====== Data for analysis ======
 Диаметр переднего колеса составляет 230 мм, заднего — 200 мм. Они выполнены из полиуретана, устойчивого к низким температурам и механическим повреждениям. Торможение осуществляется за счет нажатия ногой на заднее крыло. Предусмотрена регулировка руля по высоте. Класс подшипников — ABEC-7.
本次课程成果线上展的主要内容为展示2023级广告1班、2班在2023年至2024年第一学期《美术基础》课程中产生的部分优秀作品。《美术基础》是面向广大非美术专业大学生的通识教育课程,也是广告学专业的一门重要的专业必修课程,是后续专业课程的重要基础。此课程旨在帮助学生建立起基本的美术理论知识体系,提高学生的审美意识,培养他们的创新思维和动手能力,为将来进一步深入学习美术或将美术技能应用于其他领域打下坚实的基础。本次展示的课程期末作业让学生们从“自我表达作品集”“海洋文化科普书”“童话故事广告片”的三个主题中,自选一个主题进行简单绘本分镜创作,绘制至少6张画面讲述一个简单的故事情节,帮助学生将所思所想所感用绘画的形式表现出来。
======
====== Data for analysis ======
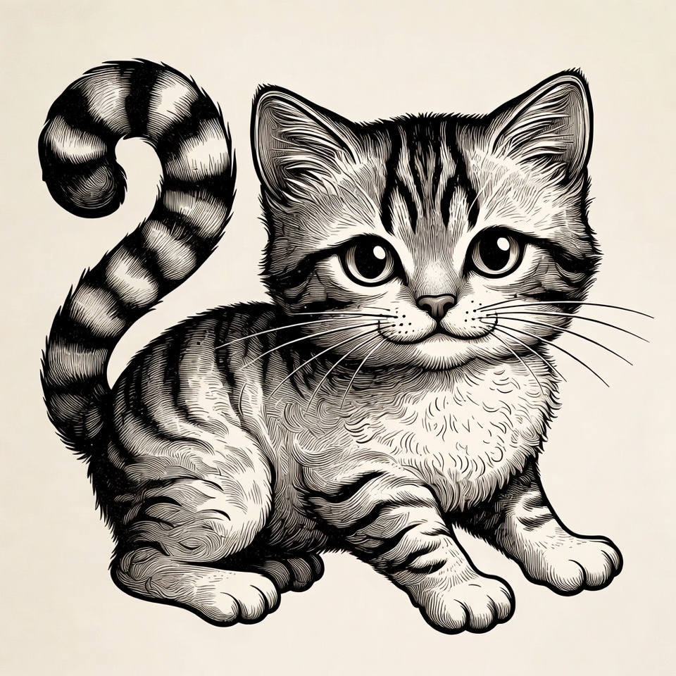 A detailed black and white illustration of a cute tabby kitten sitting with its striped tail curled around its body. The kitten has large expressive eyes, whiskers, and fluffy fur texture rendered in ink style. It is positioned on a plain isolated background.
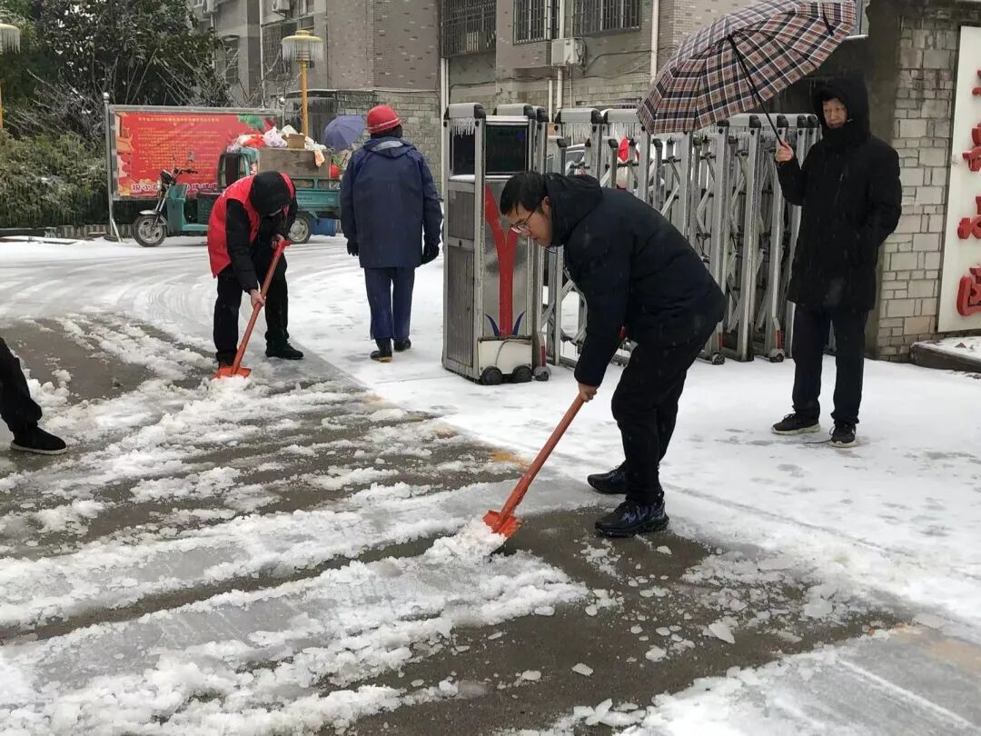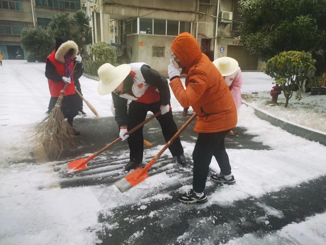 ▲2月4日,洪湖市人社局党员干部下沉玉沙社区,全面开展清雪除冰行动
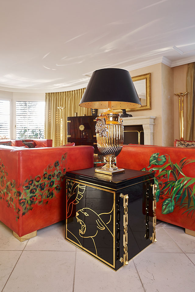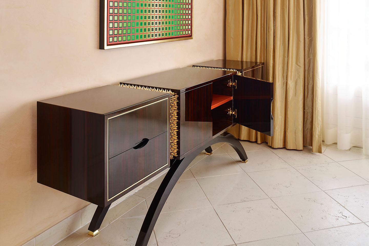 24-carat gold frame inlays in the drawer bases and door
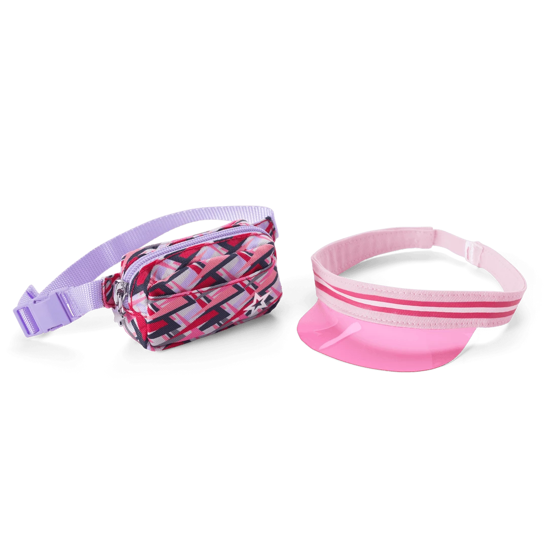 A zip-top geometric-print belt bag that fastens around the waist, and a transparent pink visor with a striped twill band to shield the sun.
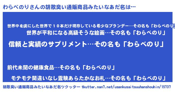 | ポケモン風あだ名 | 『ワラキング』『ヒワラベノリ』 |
======
====== Data for analysis ======
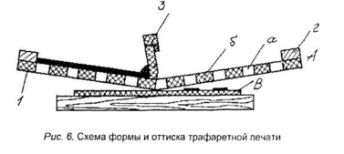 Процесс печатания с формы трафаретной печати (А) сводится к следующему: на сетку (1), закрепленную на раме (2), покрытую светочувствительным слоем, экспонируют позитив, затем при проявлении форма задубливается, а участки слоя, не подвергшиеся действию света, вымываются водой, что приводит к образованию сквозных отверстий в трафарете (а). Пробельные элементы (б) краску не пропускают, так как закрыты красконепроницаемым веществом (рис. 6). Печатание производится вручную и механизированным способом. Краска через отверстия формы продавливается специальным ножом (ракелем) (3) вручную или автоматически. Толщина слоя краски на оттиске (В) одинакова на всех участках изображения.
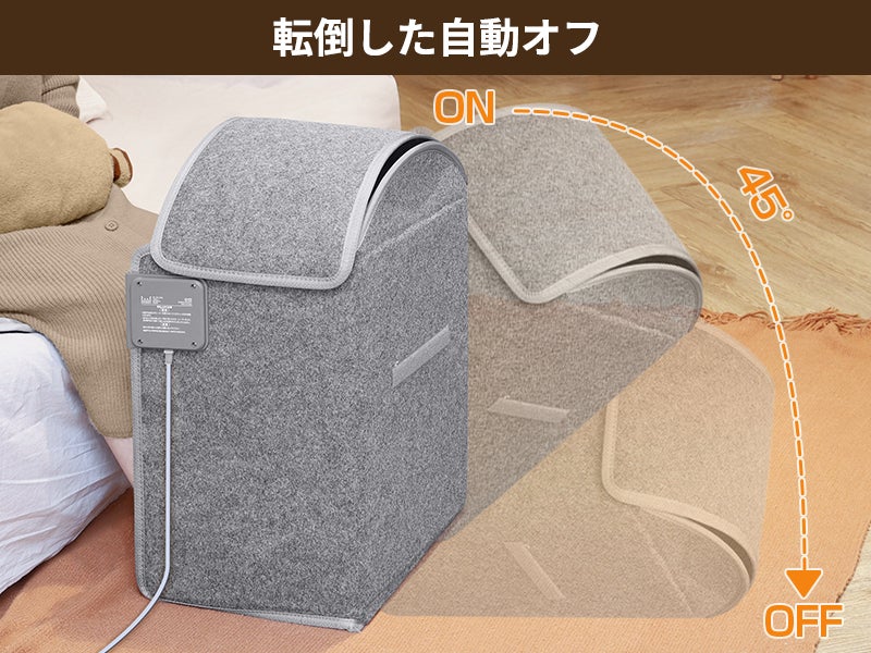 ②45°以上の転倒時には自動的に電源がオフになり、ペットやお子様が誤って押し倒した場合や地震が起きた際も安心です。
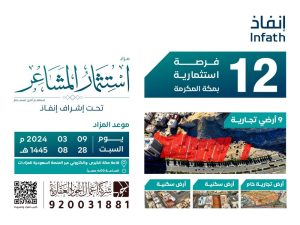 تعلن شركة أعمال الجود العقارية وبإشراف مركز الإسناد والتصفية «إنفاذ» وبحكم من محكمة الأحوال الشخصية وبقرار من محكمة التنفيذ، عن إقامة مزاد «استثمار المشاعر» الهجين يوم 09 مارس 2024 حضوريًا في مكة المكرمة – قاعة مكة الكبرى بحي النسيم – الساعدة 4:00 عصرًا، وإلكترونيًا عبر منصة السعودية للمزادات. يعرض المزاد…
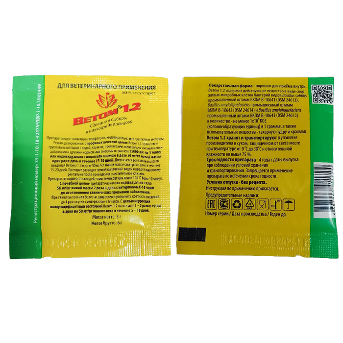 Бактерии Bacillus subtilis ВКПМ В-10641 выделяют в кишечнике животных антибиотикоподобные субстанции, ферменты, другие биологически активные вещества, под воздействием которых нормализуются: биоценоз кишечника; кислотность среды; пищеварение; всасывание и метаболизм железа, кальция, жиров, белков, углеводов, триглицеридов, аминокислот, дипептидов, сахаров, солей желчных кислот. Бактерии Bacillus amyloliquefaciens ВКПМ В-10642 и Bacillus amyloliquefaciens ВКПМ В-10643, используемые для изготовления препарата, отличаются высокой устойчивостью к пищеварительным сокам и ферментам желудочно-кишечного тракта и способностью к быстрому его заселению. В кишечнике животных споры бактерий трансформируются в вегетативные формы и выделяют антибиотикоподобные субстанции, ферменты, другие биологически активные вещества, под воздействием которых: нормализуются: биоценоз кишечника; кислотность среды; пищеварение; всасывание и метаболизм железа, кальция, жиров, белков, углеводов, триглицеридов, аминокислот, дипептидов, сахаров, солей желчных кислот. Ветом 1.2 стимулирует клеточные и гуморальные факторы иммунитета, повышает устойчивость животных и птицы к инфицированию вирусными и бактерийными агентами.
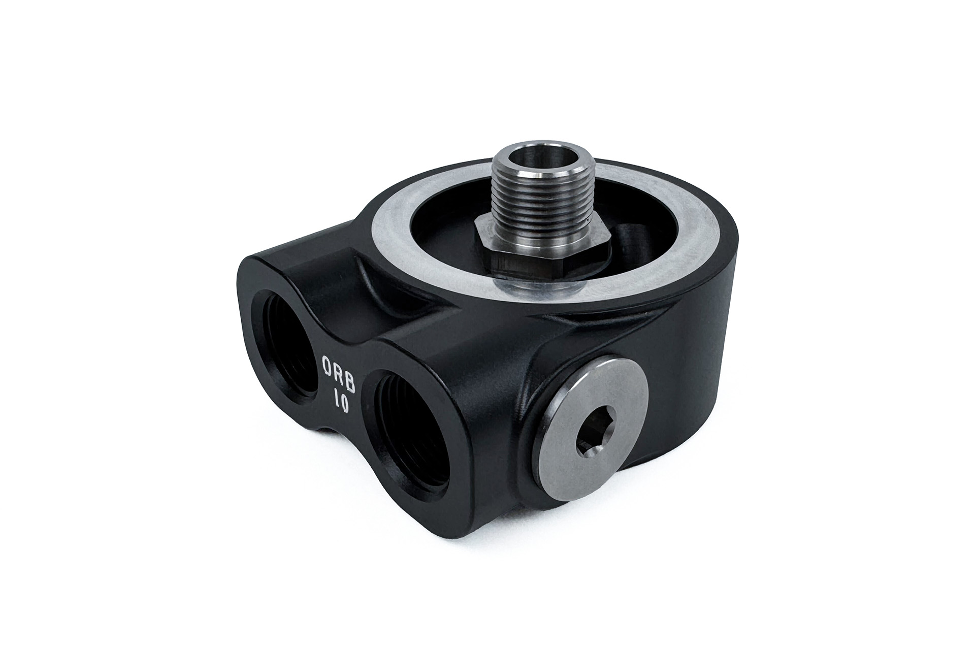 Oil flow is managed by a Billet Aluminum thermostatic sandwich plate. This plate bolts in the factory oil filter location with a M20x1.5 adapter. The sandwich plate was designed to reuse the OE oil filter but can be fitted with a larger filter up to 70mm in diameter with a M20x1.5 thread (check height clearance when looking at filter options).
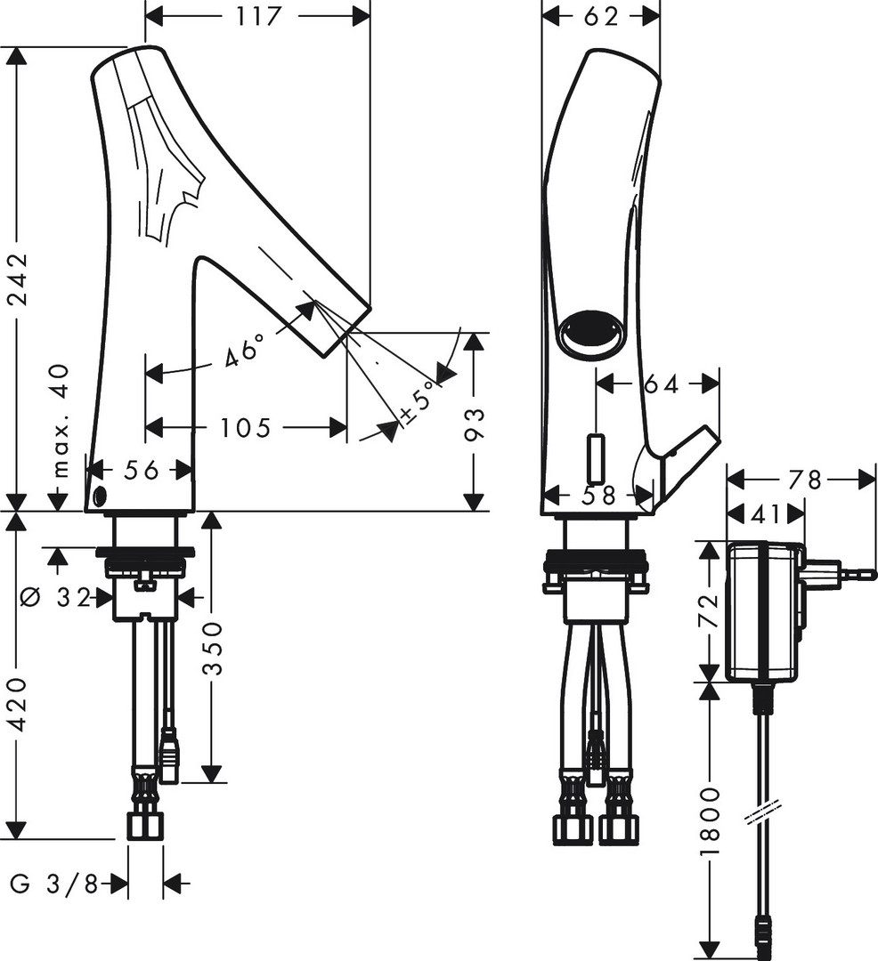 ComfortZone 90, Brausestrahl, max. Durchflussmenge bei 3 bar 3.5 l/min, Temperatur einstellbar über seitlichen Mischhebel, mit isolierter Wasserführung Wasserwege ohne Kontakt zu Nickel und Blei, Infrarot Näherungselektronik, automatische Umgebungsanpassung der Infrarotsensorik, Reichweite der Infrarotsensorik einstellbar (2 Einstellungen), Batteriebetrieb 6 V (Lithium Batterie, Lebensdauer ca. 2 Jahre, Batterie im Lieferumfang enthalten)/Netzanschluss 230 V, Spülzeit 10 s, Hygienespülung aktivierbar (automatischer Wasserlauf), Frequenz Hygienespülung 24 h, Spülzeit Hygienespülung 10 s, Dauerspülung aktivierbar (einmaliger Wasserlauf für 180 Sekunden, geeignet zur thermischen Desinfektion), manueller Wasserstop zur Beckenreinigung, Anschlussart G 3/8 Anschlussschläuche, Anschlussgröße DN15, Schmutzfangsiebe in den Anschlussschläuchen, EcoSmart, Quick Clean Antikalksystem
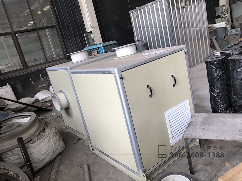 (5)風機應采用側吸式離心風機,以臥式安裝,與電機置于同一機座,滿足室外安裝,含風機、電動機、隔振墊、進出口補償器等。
======
**Activity:**
Please transcribe exactly the part of the records that opens with the line containing "24-carat gold frame" and closes with the line containing "ポケモン風あだ名 | 『ワラキング』『ヒワラベノリ』 |", both ends included, and leave out the pictures.

**Written answer:**
 24-carat gold frame inlays in the drawer bases and door
 A zip-top geometric-print belt bag that fastens around the waist, and a transparent pink visor with a striped twill band to shield the sun.
 | ポケモン風あだ名 | 『ワラキング』『ヒワラベノリ』 |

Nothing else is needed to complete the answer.